Monday, 29 July 2013


Shiva Astras (Weapons)

A Shiva Astra  is an Astra which symbolizes the weapons and powers used by the Shiva, the "Destroyer" in Hinduism, the god of wind, dance, war, and destruction.[4]

Having many different attributes, allows a magician to wield many different Astras based on a single god.

Trishula, the trident of the Hindu deity Shiva, stylized by some as used as a missile weapon and often included a crossed stabilizer to facilitate flight when thrown. Considered to be the most powerful weapon.

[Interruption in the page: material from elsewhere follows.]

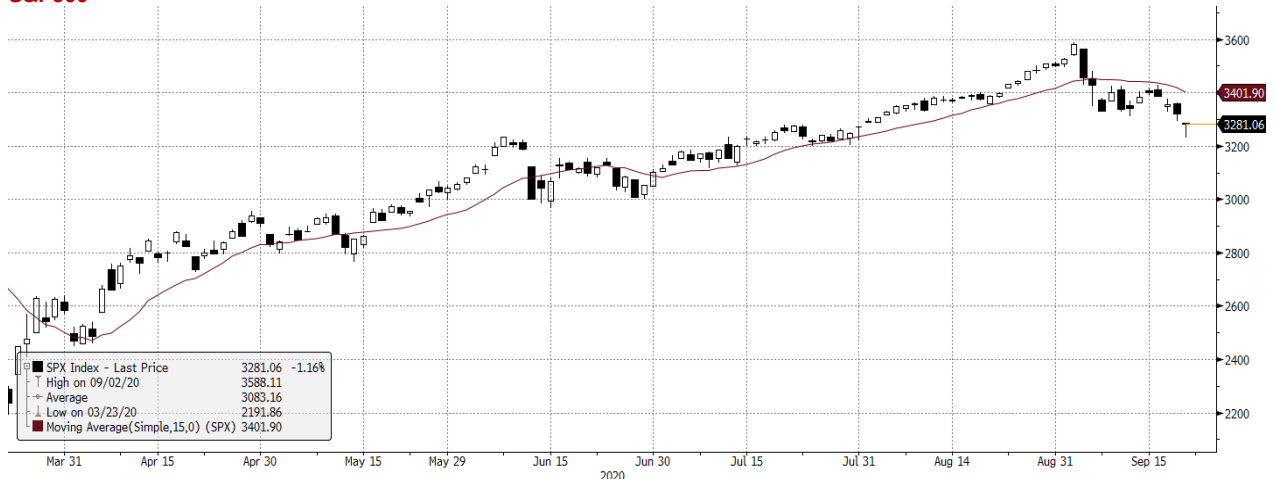
SPX Index (S&P 500 Index) G1598 Daily 22MAR2020-22SEP2020

The trishula symbolism is polyvalent and rich. The trishula is wielded by the Hindu God Shiva and is said to have been used to sever the original head of Ganesha. Durga also holds trishula, as one of her many weapons. There are many other gods and deities, who hold the weapon trishula. The three points have various meanings and significance, and, common to Hindu religion, have many stories behind them. They are commonly said to represent various trinities—creation, maintenance and destruction, past, present and future, the three guna. When looked upon as a weapon of Shiva, the trishula is said to destroy the three worlds: the physical world, the world of the forefathers (representing culture drawn from the past) and the world of the mind (representing the processes of sensing and acting). The three worlds are supposed to be destroyed by Shiva into a single non-dual plane of existence, that is bliss alone.

In the human body, the trishula also represents the place where the three main nadis, or energy channels (ida, pingala and shushmana) meet at the brow. Shushmana, the central one, continues upward to the 7th chakra, or energy center, while the other two end at the brow, there the 6th chakra is located. The trisula's central point represents Shushmana, and that is why it is longer than the other two, representing ida and pingala.

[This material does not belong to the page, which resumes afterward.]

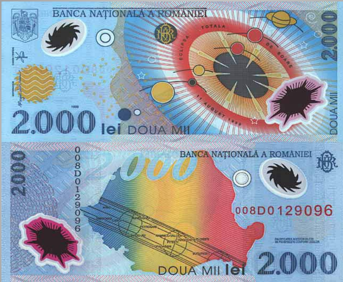
Румыния 2000 лев

The Pashupatastra ( पाशुपतास्त्र) is the irresistible and most destructive personal weapon of Shiva, discharged by the mind, the eyes, words, or a bow. Never to be used against lesser enemies or by lesser warriors, the Pashupatastra is capable of destroying creation and vanquishing all beings. Pashupatinath is the most important of all Shiva temples located in Kathmandu, Nepal. Pashupatastra is the weapon of PashupatiNath.

This Pashupatastra was used in the Mahabharata war by Arjuna to kill Jayadratha. It was used against Lakshmana by Meghanada. It returned without causing any harm since it can be used only to uphold Dharma

The parashu (Sanskrit: paraṣu) is an Indian battle-axe. It is generally wielded with two hands but could also be used with only one.

The parashu could be double edged or bladed or single-bladed with a spike on the non cutting edge. It usually measures between 3 – 5 feet though some are as long as 7 feet. The parashu is usually made of iron or wootz steel. The cutting edge is broader than the edge which is attached to the haft. The haft is often tied with a leather sheet to provide a good grip.
In Hinduism

The parashu is the weapon of Lord Shiva who gave it to Parashurama, sixth Avatar of Vishnu, whose name means "Rama with the axe" and also taught him its mastery. He was one of the few Brahmin guru who were also masters of hand to hand combat. He is known as the founder of Kalaripayattu, ancient Indian martial art. Parashurama was the guru of Dronacharya, the guru who instructed the Pandavas in the epic of the Mahabharata. Bhishma and Karna, half brother of Pandava also took instruction in weaponry from Parashurama, a disciple of lord Shiva, and was known to have terrible temper having lost his father to the evil Asura. In his anger, Parashurama used the parashu to get rid of the all the Earth's tyrannical kshatriya (warrior class) twenty one times over. Parashurama's weapon had supernatural powers. It had four cutting edges, one on each end of the blade head and one on each end of the shaft.

The parashu was known as the most lethal close combat weapons of the epics. It is also one of the weapons of Lord Shiva and Goddess Durga and is still depicted on their idols throughout India.


 Pinaka is the name of the divine bow (dhanush) wielded by Lord Shiv. 8 meter in height.

 Nataraja , 
The Lord of Dance, in Hindu mythology is another name for Shiva, the cosmic dancer who performs his divine dance to destroy a weary universe and make preparations for the god Brahma to start the process of creation. As an Astra of Gate of the Gods Come from the Heavens, it allows the user to use various spells by expressing them in the form of dance.